(Your objective):
Once you reach the line with "Ce panneau de" in the material below, copy each line exactly up to and including the line with "Коннектор для душевой", and skip the pictures.
[Records provided Boundary: Start]
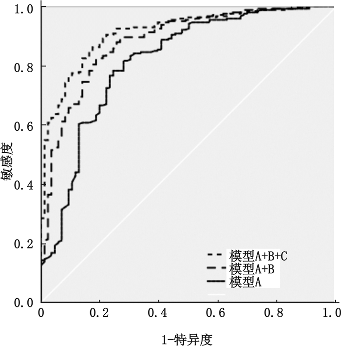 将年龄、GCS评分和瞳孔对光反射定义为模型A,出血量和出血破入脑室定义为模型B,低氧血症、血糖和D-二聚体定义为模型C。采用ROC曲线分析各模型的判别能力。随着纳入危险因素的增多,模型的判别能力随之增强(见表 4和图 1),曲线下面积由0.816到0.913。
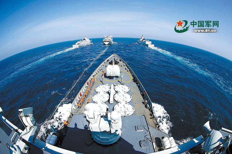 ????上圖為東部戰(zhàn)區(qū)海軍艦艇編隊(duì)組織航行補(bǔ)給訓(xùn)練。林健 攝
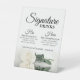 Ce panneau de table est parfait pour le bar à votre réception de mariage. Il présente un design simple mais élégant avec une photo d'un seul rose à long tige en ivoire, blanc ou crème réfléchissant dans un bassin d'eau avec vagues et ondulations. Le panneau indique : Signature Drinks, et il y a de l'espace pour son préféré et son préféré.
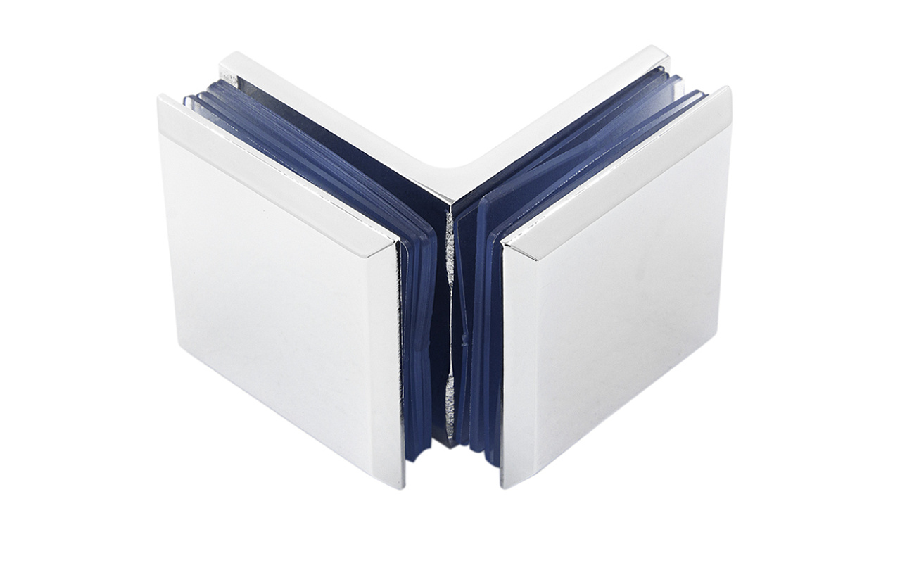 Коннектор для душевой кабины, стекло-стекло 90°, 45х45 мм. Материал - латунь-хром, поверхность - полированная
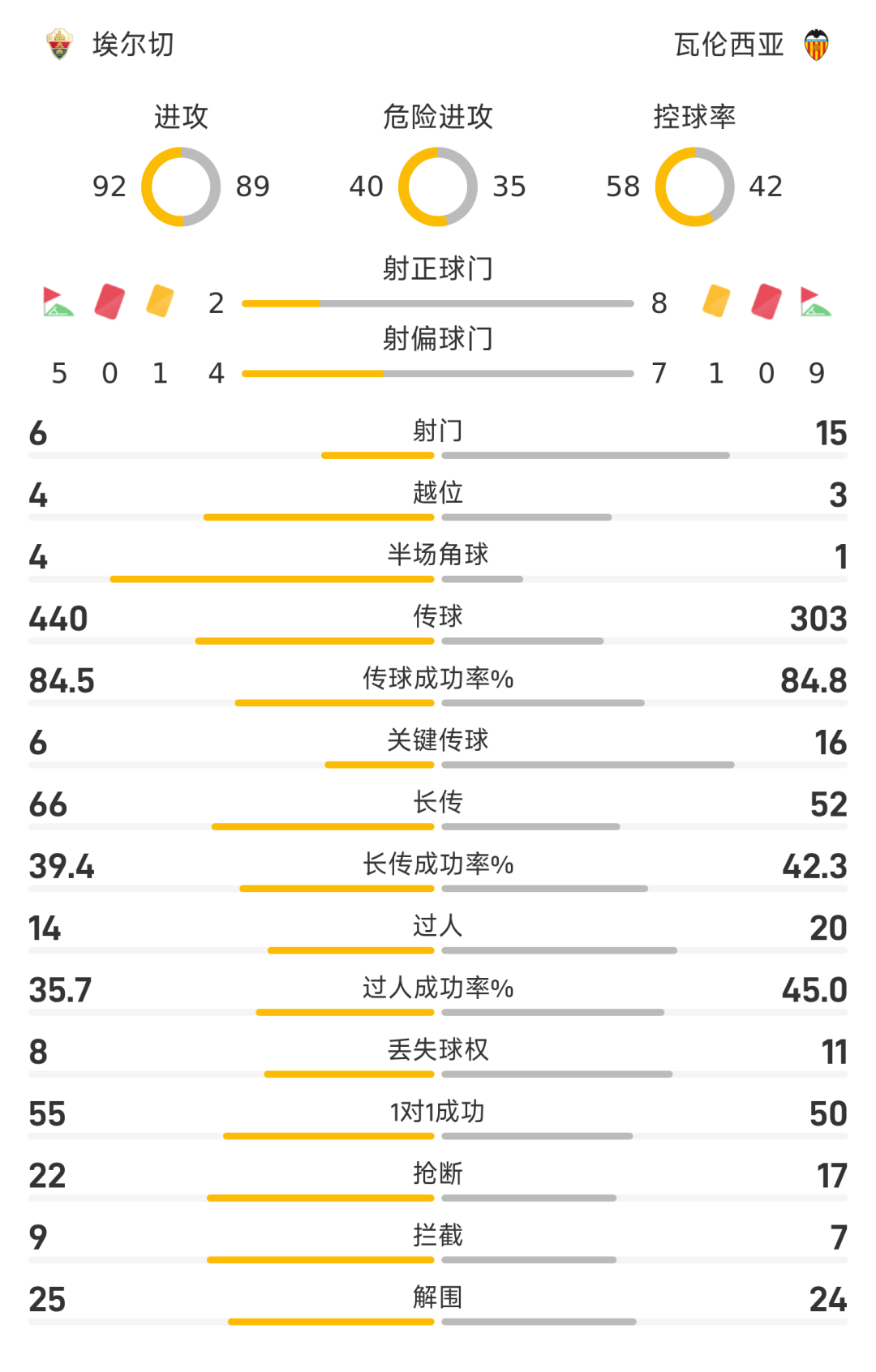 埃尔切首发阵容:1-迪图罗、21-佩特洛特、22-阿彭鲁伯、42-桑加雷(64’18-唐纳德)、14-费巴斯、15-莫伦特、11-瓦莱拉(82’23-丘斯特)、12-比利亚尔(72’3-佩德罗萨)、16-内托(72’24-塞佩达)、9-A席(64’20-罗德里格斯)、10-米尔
[Records provided Boundary: End]
(Result of the exercise):
 Ce panneau de table est parfait pour le bar à votre réception de mariage. Il présente un design simple mais élégant avec une photo d'un seul rose à long tige en ivoire, blanc ou crème réfléchissant dans un bassin d'eau avec vagues et ondulations. Le panneau indique : Signature Drinks, et il y a de l'espace pour son préféré et son préféré.
 Коннектор для душевой кабины, стекло-стекло 90°, 45х45 мм. Материал - латунь-хром, поверхность - полированная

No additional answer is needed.